Data:
┄┄┄┄┄┄┄┄┄┄

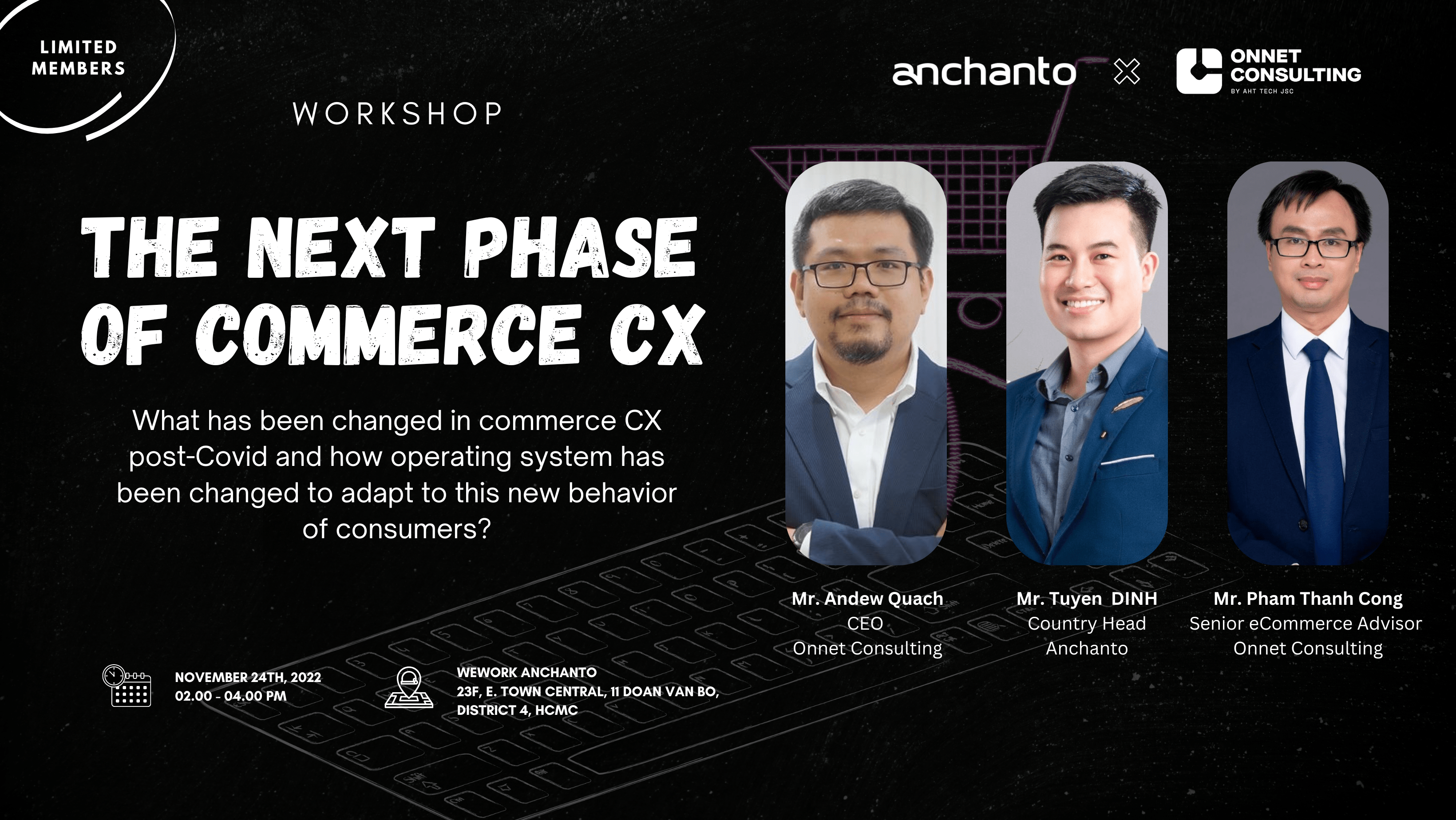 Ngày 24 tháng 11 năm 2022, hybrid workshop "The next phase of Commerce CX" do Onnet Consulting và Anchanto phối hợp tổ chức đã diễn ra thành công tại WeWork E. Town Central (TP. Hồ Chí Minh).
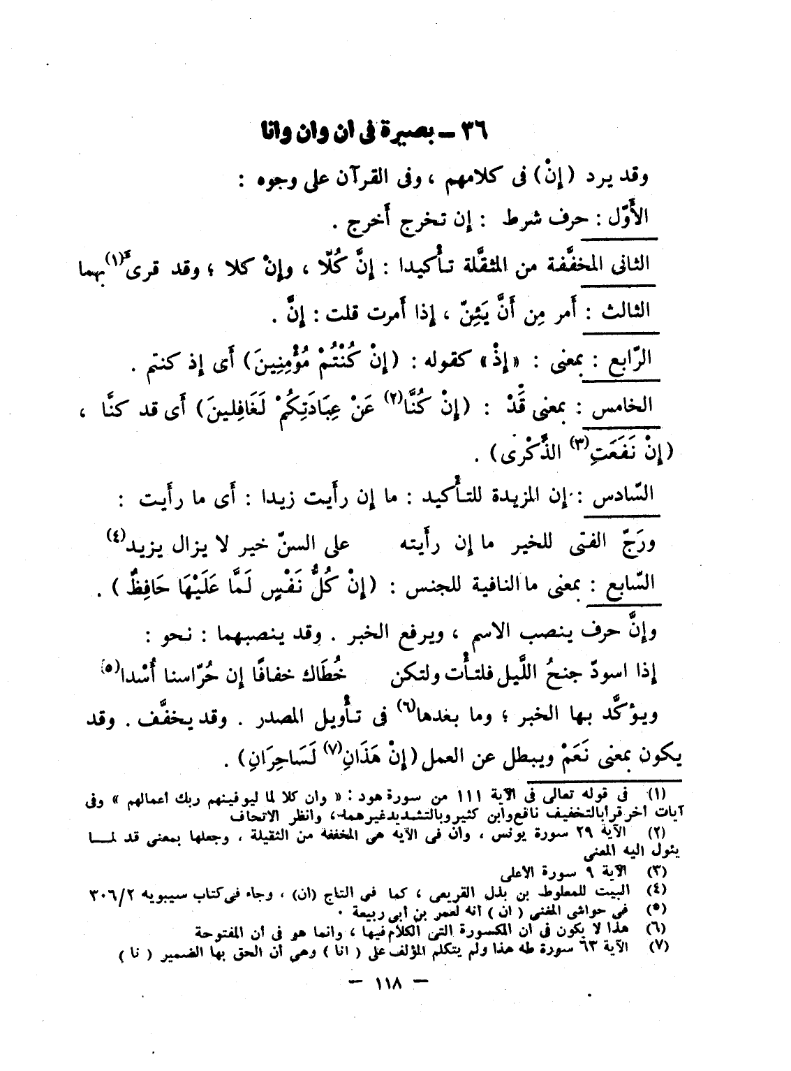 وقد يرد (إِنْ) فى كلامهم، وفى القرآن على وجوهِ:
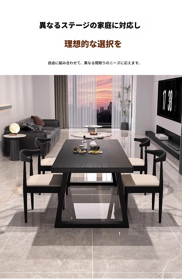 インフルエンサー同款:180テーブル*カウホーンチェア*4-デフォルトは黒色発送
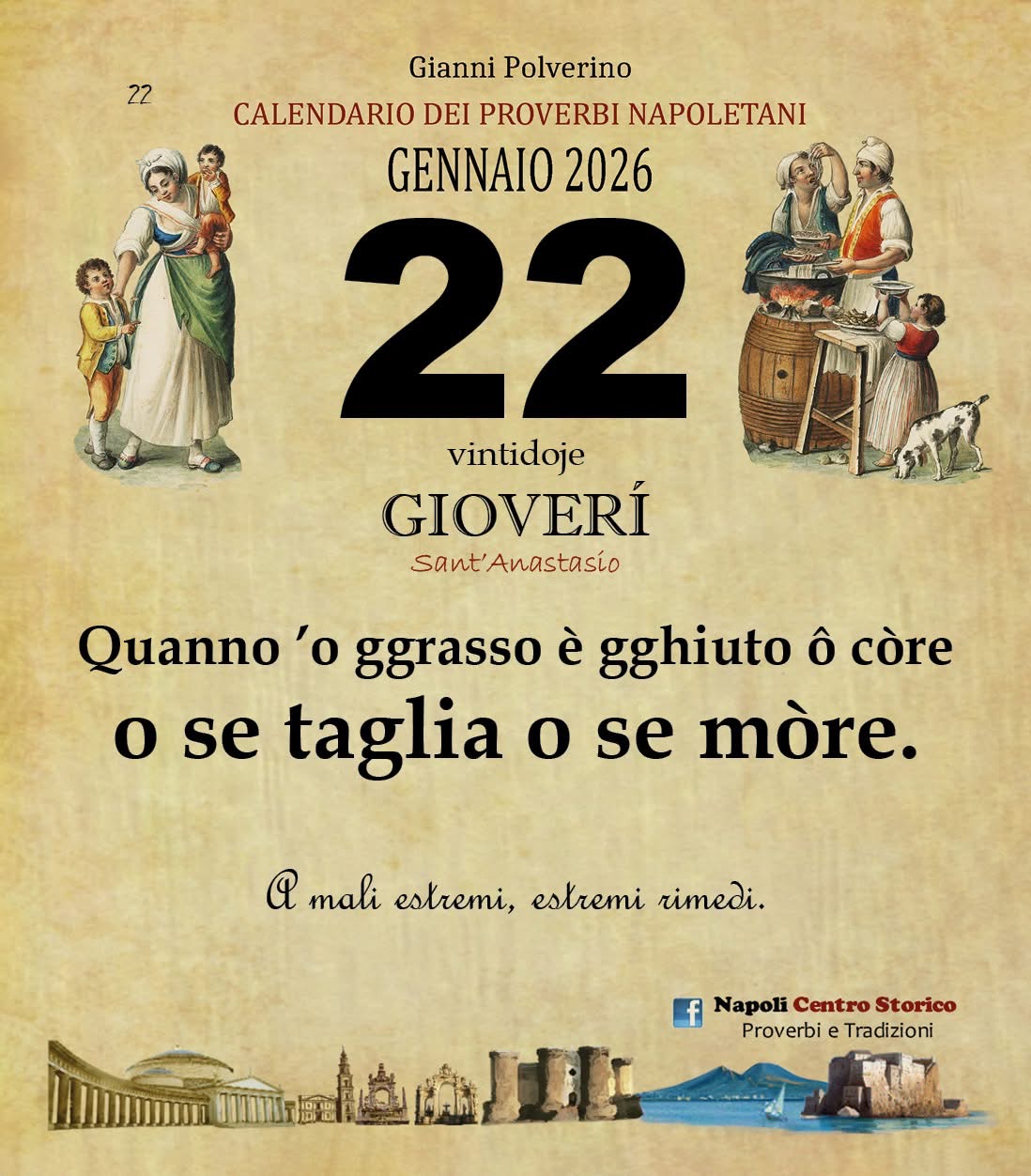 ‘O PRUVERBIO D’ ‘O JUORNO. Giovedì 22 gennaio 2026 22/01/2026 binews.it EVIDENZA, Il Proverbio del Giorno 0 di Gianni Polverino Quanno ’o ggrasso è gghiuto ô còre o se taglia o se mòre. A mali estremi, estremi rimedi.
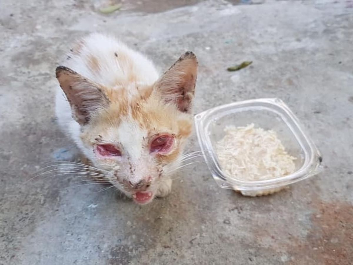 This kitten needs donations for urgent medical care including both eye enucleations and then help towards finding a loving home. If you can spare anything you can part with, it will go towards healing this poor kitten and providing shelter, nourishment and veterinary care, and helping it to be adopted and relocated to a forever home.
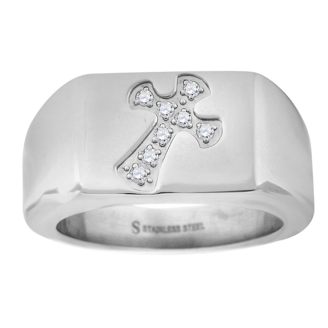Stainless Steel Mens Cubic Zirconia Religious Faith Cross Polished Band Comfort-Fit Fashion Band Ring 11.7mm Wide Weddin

┄┄┄┄┄┄┄┄┄┄

Try it:
Write the entries out again exactly as they appear, with the pictures omitted.

Solution:
 Ngày 24 tháng 11 năm 2022, hybrid workshop "The next phase of Commerce CX" do Onnet Consulting và Anchanto phối hợp tổ chức đã diễn ra thành công tại WeWork E. Town Central (TP. Hồ Chí Minh).
 وقد يرد (إِنْ) فى كلامهم، وفى القرآن على وجوهِ:
 インフルエンサー同款:180テーブル*カウホーンチェア*4-デフォルトは黒色発送
 ‘O PRUVERBIO D’ ‘O JUORNO. Giovedì 22 gennaio 2026 22/01/2026 binews.it EVIDENZA, Il Proverbio del Giorno 0 di Gianni Polverino Quanno ’o ggrasso è gghiuto ô còre o se taglia o se mòre. A mali estremi, estremi rimedi.
 This kitten needs donations for urgent medical care including both eye enucleations and then help towards finding a loving home. If you can spare anything you can part with, it will go towards healing this poor kitten and providing shelter, nourishment and veterinary care, and helping it to be adopted and relocated to a forever home.
Stainless Steel Mens Cubic Zirconia Religious Faith Cross Polished Band Comfort-Fit Fashion Band Ring 11.7mm Wide Weddin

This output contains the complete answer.